Known as the "watchmaker" for her attention to detail in the company's massive branch network, according to the Wall Street Journal, Tolstedt exerted pressure for cross-selling that carried down through regional managers to district managers and branch managers and then personal bankers and tellers across the country.

A Wells Fargo spokeswoman in Los Angeles last week declined to comment on the specific details of cross-selling and employee incentives and penalties. In a statement, the company said it is "focused on deepening customer relationships through our needs assessment process and helping customers succeed financially."

Joyce Gill managed the Wells Fargo at Nicollet Avenue and 31st Street from 2002 to 2011, and said the pressure to make sales ramped up during the latter half of her years at the branch. In all, she spent 20 years with the firm but left, she says, because she couldn't in good conscience push her employees and customers as hard as managers wanted. "I drank the Kool-Aid for a while, but it just became ridiculous," she said.
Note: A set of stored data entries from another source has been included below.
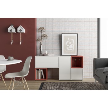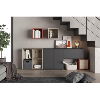 - Abbinabile a tutti i mobili della serie Lisbona: cubo 1 vano, cubo c/anta, cubo c/anta verticale, cubo con 2 cassetti, cubo 4 vani, cubo con 2 ante, top/mensola, piedini regolabili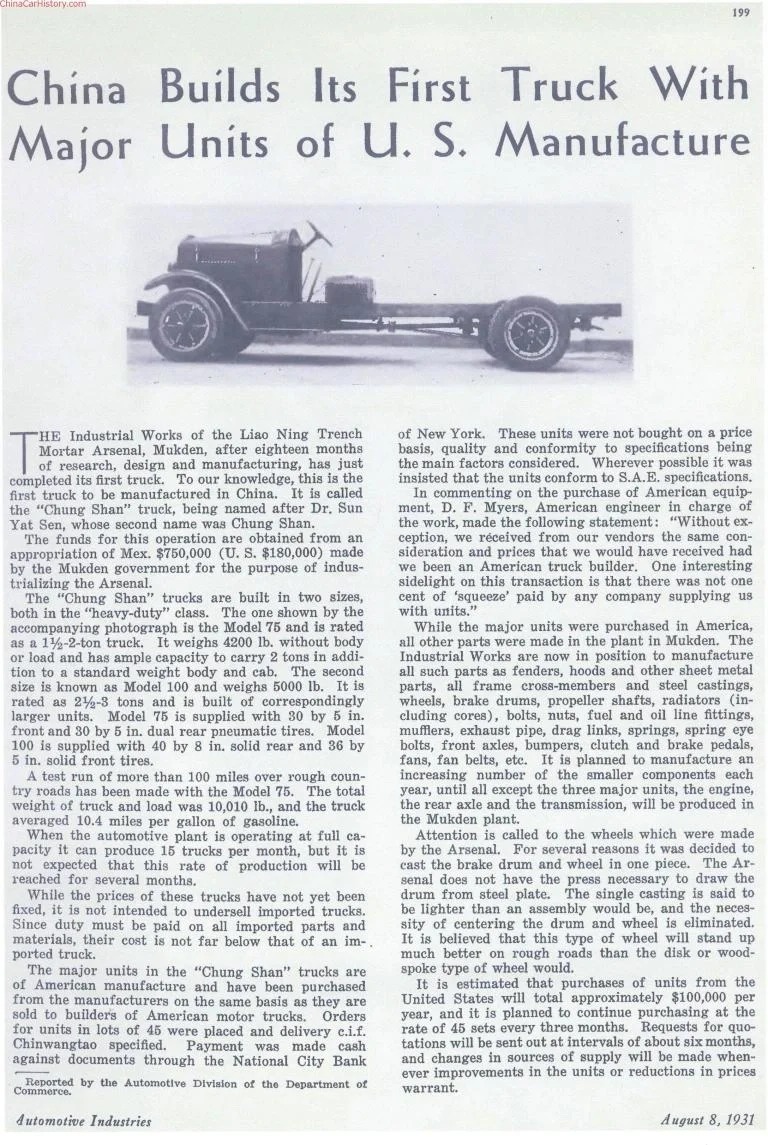 按照“先仿制后創新”計劃,民生工廠入口了一輛美國瑞雪號汽車,以逆向工程,在1931年5月31日,中國首輛汽車——民生75型載貨卡車正式下線,較更為國人熟悉的長春第一汽車制造廠CA10卡車誕生,早了足足25年。
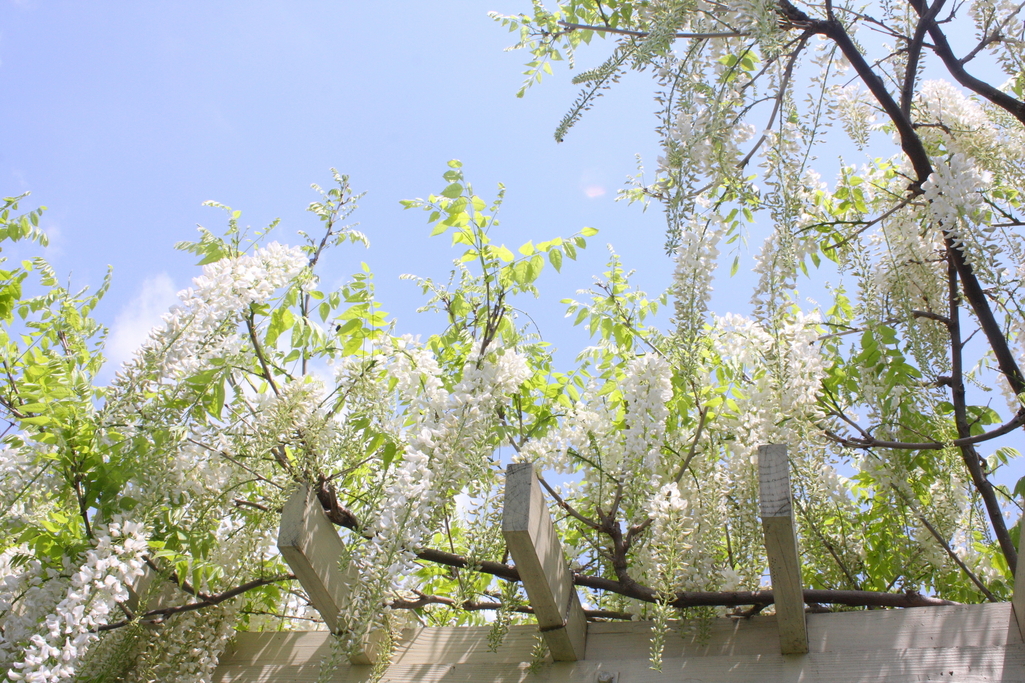 白いパーゴラに白い藤。あでやかですね~。和風な感じにものすごくおしゃれなテーストがなにか、外国っぽいなって、。。。ほんとに憧れます。素敵~。(^。^)y-.。o○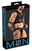 Bauchfreies Top und pofreier Jock von Svenjoyment Bondage aus weichem elastischen Netz mit Mattlook-Details. Top mit fest angenähtem Harness. Jock vorne am Beutel mit praktischen Druckknöpfen zum Öffnen. Beide Teile jeweils seitlich mit einem Ring für die 4 beiliegenden Soft-Fesselriemen mit verstellbaren Klettverschlüssen.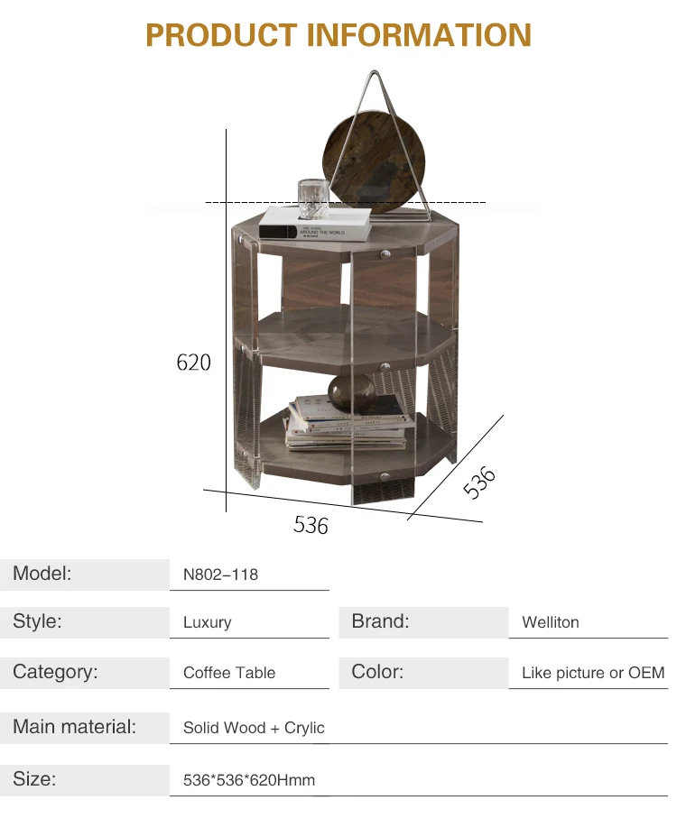 Welliton OEM Luxury Home Furniture Solid Wood Acrylic Living Room Modern Coffee Table

It does not surprise her that allegations of fraud came out, she said. She and other managers tried to soften the message from above, but over time, "there was no filtering it." Either people had to make increasingly difficult goals, or they'd be fired, she said.

"People need their jobs. The only reason why I walked away from a 20-year career and have been struggling ever since, is because ethically and morally, I couldn't do it anymore," Gill said. "I knew when I came to work in the morning that I would have to say something to someone that wouldn't sit right with me."

When Farsheed Fozouni started at Wells Fargo in 2006, tellers had to sell 45 solutions — financial products like a debit card, credit card, checking account — to customers each quarter.

That was the minimum. Incentive pay kicked in at $2 per "solution" over the threshold of 45, and $2.50 for any product sold over a higher threshold, and so on. But incentive pay for tellers was capped around $650 per quarter, and the quotas kept rising.

"When I left in 2012, the minimum in order to keep your job was 90 solutions," said Fozouni, who worked at branches in Texas and California. "Each year they just kept getting more and more ridiculous."

He said he saw a grown man reduced to tears by the pressure, and customers constantly pushed to buy products they didn't want.

Any fraud Fozouni heard about resulted in people getting fired, but the outcome was often new rules that made meeting sales targets more difficult for those who remained. For instance, Fozouni worked at a branch in California for about a year, and one of his predecessors had been caught selling multiple debit cards to elderly customers on the argument that they needed spares all over the house — 10 debit cards to one customer in one case.

That person was fired, and the rules changed so that Wells Fargo employees could only be credited for three "solutions" per customer. That made it even harder to meet the quotas, Fouzouni said, since even legitimate sales of products didn't count after a customer signed up for three.